Task instructions:
In the response, the entries must appear exactly as supplied.

━━━━━━

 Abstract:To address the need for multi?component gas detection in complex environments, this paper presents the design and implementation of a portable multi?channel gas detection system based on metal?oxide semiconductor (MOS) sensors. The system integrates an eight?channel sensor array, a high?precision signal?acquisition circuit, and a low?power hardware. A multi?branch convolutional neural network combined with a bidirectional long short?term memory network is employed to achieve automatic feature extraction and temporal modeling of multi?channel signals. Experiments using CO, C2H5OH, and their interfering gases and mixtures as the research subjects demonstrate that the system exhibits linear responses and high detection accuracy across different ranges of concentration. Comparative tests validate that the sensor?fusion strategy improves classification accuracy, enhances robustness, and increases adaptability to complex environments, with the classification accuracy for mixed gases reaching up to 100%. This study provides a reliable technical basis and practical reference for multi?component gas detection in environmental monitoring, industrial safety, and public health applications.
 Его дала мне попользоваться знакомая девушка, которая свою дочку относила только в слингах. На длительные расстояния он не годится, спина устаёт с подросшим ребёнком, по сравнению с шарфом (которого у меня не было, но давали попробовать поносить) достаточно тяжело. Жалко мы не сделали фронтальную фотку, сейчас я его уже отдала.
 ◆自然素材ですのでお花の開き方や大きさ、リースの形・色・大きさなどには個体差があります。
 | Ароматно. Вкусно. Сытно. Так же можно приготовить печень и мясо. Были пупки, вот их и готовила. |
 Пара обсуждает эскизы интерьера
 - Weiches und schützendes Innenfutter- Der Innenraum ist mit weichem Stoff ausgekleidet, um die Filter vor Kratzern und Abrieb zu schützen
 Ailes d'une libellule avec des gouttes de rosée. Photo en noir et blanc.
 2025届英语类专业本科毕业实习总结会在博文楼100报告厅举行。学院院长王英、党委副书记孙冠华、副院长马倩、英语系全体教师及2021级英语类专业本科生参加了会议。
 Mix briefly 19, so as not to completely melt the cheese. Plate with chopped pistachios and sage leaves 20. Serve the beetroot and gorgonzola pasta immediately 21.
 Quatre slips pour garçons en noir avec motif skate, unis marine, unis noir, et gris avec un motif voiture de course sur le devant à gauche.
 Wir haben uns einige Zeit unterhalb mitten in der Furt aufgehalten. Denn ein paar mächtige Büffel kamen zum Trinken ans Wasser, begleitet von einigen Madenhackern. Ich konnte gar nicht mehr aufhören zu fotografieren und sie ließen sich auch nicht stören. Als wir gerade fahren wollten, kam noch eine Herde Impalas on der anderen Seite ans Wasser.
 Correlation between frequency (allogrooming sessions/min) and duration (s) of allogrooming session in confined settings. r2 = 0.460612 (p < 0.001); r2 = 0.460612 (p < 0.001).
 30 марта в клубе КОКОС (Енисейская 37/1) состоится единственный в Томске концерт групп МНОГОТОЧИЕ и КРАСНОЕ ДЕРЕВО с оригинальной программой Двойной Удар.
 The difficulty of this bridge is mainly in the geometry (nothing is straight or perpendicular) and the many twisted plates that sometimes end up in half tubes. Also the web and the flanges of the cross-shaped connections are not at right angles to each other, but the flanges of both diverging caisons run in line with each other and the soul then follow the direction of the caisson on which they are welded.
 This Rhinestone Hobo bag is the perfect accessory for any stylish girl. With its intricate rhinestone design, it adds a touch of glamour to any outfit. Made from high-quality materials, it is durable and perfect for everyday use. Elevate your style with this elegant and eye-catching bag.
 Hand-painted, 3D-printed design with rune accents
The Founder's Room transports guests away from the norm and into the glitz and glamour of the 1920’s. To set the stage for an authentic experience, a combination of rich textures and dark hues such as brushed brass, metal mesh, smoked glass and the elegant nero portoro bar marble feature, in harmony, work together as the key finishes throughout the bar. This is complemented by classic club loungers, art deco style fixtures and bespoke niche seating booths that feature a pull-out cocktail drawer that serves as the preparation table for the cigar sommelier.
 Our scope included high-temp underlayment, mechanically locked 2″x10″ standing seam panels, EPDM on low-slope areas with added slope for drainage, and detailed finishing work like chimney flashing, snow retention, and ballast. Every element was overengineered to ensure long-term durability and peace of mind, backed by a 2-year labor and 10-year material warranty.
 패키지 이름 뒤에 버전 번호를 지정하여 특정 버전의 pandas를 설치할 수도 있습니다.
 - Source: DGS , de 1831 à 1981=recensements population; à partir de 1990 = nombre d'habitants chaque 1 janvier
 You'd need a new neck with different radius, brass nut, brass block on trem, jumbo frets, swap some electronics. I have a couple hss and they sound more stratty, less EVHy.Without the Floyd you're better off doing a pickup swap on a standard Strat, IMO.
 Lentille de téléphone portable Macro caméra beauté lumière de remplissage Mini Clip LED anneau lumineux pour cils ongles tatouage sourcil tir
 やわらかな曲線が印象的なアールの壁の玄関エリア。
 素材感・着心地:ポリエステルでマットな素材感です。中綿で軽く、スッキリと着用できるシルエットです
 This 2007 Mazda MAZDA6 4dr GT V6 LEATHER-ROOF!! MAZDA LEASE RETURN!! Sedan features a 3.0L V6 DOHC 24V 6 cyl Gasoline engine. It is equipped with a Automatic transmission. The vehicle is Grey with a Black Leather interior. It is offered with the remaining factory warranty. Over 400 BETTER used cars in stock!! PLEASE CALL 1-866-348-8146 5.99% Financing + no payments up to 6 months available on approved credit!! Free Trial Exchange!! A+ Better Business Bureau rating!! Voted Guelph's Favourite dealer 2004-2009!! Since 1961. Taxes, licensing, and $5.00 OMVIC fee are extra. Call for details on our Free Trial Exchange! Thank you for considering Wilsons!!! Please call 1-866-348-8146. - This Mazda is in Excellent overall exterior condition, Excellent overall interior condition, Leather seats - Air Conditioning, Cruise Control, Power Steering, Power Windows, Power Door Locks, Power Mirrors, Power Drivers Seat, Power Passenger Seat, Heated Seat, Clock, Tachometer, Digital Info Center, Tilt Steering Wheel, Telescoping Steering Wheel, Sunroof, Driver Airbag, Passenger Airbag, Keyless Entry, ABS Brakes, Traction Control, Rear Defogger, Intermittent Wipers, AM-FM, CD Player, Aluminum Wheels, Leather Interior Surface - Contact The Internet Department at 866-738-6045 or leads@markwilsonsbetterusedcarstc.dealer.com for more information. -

━━━━━━

Written response:
 Abstract:To address the need for multi?component gas detection in complex environments, this paper presents the design and implementation of a portable multi?channel gas detection system based on metal?oxide semiconductor (MOS) sensors. The system integrates an eight?channel sensor array, a high?precision signal?acquisition circuit, and a low?power hardware. A multi?branch convolutional neural network combined with a bidirectional long short?term memory network is employed to achieve automatic feature extraction and temporal modeling of multi?channel signals. Experiments using CO, C2H5OH, and their interfering gases and mixtures as the research subjects demonstrate that the system exhibits linear responses and high detection accuracy across different ranges of concentration. Comparative tests validate that the sensor?fusion strategy improves classification accuracy, enhances robustness, and increases adaptability to complex environments, with the classification accuracy for mixed gases reaching up to 100%. This study provides a reliable technical basis and practical reference for multi?component gas detection in environmental monitoring, industrial safety, and public health applications.
 Его дала мне попользоваться знакомая девушка, которая свою дочку относила только в слингах. На длительные расстояния он не годится, спина устаёт с подросшим ребёнком, по сравнению с шарфом (которого у меня не было, но давали попробовать поносить) достаточно тяжело. Жалко мы не сделали фронтальную фотку, сейчас я его уже отдала.
 ◆自然素材ですのでお花の開き方や大きさ、リースの形・色・大きさなどには個体差があります。
 | Ароматно. Вкусно. Сытно. Так же можно приготовить печень и мясо. Были пупки, вот их и готовила. |
 Пара обсуждает эскизы интерьера
 - Weiches und schützendes Innenfutter- Der Innenraum ist mit weichem Stoff ausgekleidet, um die Filter vor Kratzern und Abrieb zu schützen
 Ailes d'une libellule avec des gouttes de rosée. Photo en noir et blanc.
 2025届英语类专业本科毕业实习总结会在博文楼100报告厅举行。学院院长王英、党委副书记孙冠华、副院长马倩、英语系全体教师及2021级英语类专业本科生参加了会议。
 Mix briefly 19, so as not to completely melt the cheese. Plate with chopped pistachios and sage leaves 20. Serve the beetroot and gorgonzola pasta immediately 21.
 Quatre slips pour garçons en noir avec motif skate, unis marine, unis noir, et gris avec un motif voiture de course sur le devant à gauche.
 Wir haben uns einige Zeit unterhalb mitten in der Furt aufgehalten. Denn ein paar mächtige Büffel kamen zum Trinken ans Wasser, begleitet von einigen Madenhackern. Ich konnte gar nicht mehr aufhören zu fotografieren und sie ließen sich auch nicht stören. Als wir gerade fahren wollten, kam noch eine Herde Impalas on der anderen Seite ans Wasser.
 Correlation between frequency (allogrooming sessions/min) and duration (s) of allogrooming session in confined settings. r2 = 0.460612 (p < 0.001); r2 = 0.460612 (p < 0.001).
 30 марта в клубе КОКОС (Енисейская 37/1) состоится единственный в Томске концерт групп МНОГОТОЧИЕ и КРАСНОЕ ДЕРЕВО с оригинальной программой Двойной Удар.
 The difficulty of this bridge is mainly in the geometry (nothing is straight or perpendicular) and the many twisted plates that sometimes end up in half tubes. Also the web and the flanges of the cross-shaped connections are not at right angles to each other, but the flanges of both diverging caisons run in line with each other and the soul then follow the direction of the caisson on which they are welded.
 This Rhinestone Hobo bag is the perfect accessory for any stylish girl. With its intricate rhinestone design, it adds a touch of glamour to any outfit. Made from high-quality materials, it is durable and perfect for everyday use. Elevate your style with this elegant and eye-catching bag.
 Hand-painted, 3D-printed design with rune accents
The Founder's Room transports guests away from the norm and into the glitz and glamour of the 1920’s. To set the stage for an authentic experience, a combination of rich textures and dark hues such as brushed brass, metal mesh, smoked glass and the elegant nero portoro bar marble feature, in harmony, work together as the key finishes throughout the bar. This is complemented by classic club loungers, art deco style fixtures and bespoke niche seating booths that feature a pull-out cocktail drawer that serves as the preparation table for the cigar sommelier.
 Our scope included high-temp underlayment, mechanically locked 2″x10″ standing seam panels, EPDM on low-slope areas with added slope for drainage, and detailed finishing work like chimney flashing, snow retention, and ballast. Every element was overengineered to ensure long-term durability and peace of mind, backed by a 2-year labor and 10-year material warranty.
 패키지 이름 뒤에 버전 번호를 지정하여 특정 버전의 pandas를 설치할 수도 있습니다.
 - Source: DGS , de 1831 à 1981=recensements population; à partir de 1990 = nombre d'habitants chaque 1 janvier
 You'd need a new neck with different radius, brass nut, brass block on trem, jumbo frets, swap some electronics. I have a couple hss and they sound more stratty, less EVHy.Without the Floyd you're better off doing a pickup swap on a standard Strat, IMO.
 Lentille de téléphone portable Macro caméra beauté lumière de remplissage Mini Clip LED anneau lumineux pour cils ongles tatouage sourcil tir
 やわらかな曲線が印象的なアールの壁の玄関エリア。
 素材感・着心地:ポリエステルでマットな素材感です。中綿で軽く、スッキリと着用できるシルエットです
 This 2007 Mazda MAZDA6 4dr GT V6 LEATHER-ROOF!! MAZDA LEASE RETURN!! Sedan features a 3.0L V6 DOHC 24V 6 cyl Gasoline engine. It is equipped with a Automatic transmission. The vehicle is Grey with a Black Leather interior. It is offered with the remaining factory warranty. Over 400 BETTER used cars in stock!! PLEASE CALL 1-866-348-8146 5.99% Financing + no payments up to 6 months available on approved credit!! Free Trial Exchange!! A+ Better Business Bureau rating!! Voted Guelph's Favourite dealer 2004-2009!! Since 1961. Taxes, licensing, and $5.00 OMVIC fee are extra. Call for details on our Free Trial Exchange! Thank you for considering Wilsons!!! Please call 1-866-348-8146. - This Mazda is in Excellent overall exterior condition, Excellent overall interior condition, Leather seats - Air Conditioning, Cruise Control, Power Steering, Power Windows, Power Door Locks, Power Mirrors, Power Drivers Seat, Power Passenger Seat, Heated Seat, Clock, Tachometer, Digital Info Center, Tilt Steering Wheel, Telescoping Steering Wheel, Sunroof, Driver Airbag, Passenger Airbag, Keyless Entry, ABS Brakes, Traction Control, Rear Defogger, Intermittent Wipers, AM-FM, CD Player, Aluminum Wheels, Leather Interior Surface - Contact The Internet Department at 866-738-6045 or leads@markwilsonsbetterusedcarstc.dealer.com for more information. -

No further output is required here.